## THE PROBLEM:
Your answer should hold only the lines from the one containing "De KARWEI binnenlak" through the last line below, copied exactly; pictures stay out.

## DATA SEGMENT:
┌──
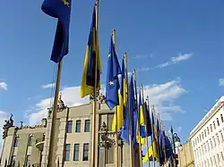 House with Chimaeras (Ukrainian: Будинок з химерами, romanized: Budynok z khymeramy) or Horodetsky House (named for Władysław Horodecki) is an Art Nouveau building located in the historic Lypky neighborhood of Kyiv, the capital of Ukraine. Situated across the street from the President of Ukraine's office at No. 10, Bankova Street, the building has been used as a presidential residence for official and diplomatic ceremonies since 2005.[1][2] The street in front of the building is closed off to all automobile traffic, and is now a patrolled pedestrian zone due to its proximity to the Presidential Administration building.
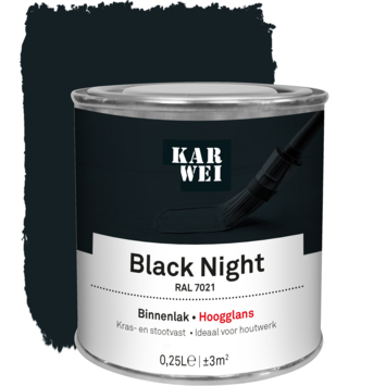 De KARWEI binnenlak hoogglans RAL 7021 black night 250 ml is een watergedragen verf die ideaal is voor binnenshuis. De lak is kras- en stootvast, waardoor je deuren, kozijnen en meubels goed kunt beschermen tegen slijtage. Omdat de verf op waterbasis is, is hij geurarm en blijft hij langer mooi van kleur. Je kunt de lak op hout gebruiken en met de juiste grondverf ook op metaal en kunststof. De verf is stofdroog na 1 uur en je kunt de volgende laag aanbrengen na 12 uur.
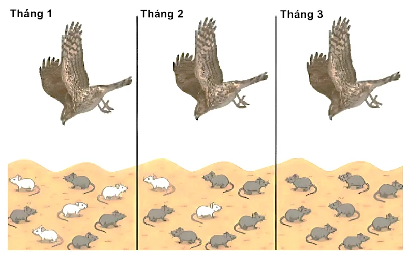 Câu 16: Hình vẽ bên mô tả quá trình săn mồi của một con diều hâu trong 3 tháng ở một quần thể chuột. Sự thay đổi trong quần thể chuột có thể được giải thích hợp lí bằng
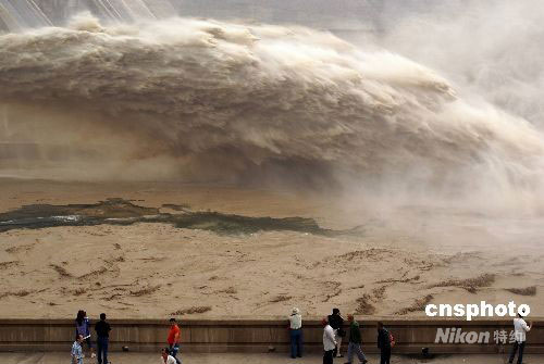 6月19日上午9時,黃河小浪底水庫開始實施調(diào)水調(diào)沙,這是自2002年以來黃河小浪底的第七次調(diào)水調(diào)沙。此次調(diào)水調(diào)沙,預計歷時12天左右,最大流量達到每秒3900立方米左右。調(diào)水調(diào)沙期間,小浪底、西霞院庫區(qū)全面封航。中新社發(fā) 平白 攝
└──
## FINISHED EXERCISE:
 De KARWEI binnenlak hoogglans RAL 7021 black night 250 ml is een watergedragen verf die ideaal is voor binnenshuis. De lak is kras- en stootvast, waardoor je deuren, kozijnen en meubels goed kunt beschermen tegen slijtage. Omdat de verf op waterbasis is, is hij geurarm en blijft hij langer mooi van kleur. Je kunt de lak op hout gebruiken en met de juiste grondverf ook op metaal en kunststof. De verf is stofdroog na 1 uur en je kunt de volgende laag aanbrengen na 12 uur.
 Câu 16: Hình vẽ bên mô tả quá trình săn mồi của một con diều hâu trong 3 tháng ở một quần thể chuột. Sự thay đổi trong quần thể chuột có thể được giải thích hợp lí bằng
 6月19日上午9時,黃河小浪底水庫開始實施調(diào)水調(diào)沙,這是自2002年以來黃河小浪底的第七次調(diào)水調(diào)沙。此次調(diào)水調(diào)沙,預計歷時12天左右,最大流量達到每秒3900立方米左右。調(diào)水調(diào)沙期間,小浪底、西霞院庫區(qū)全面封航。中新社發(fā) 平白 攝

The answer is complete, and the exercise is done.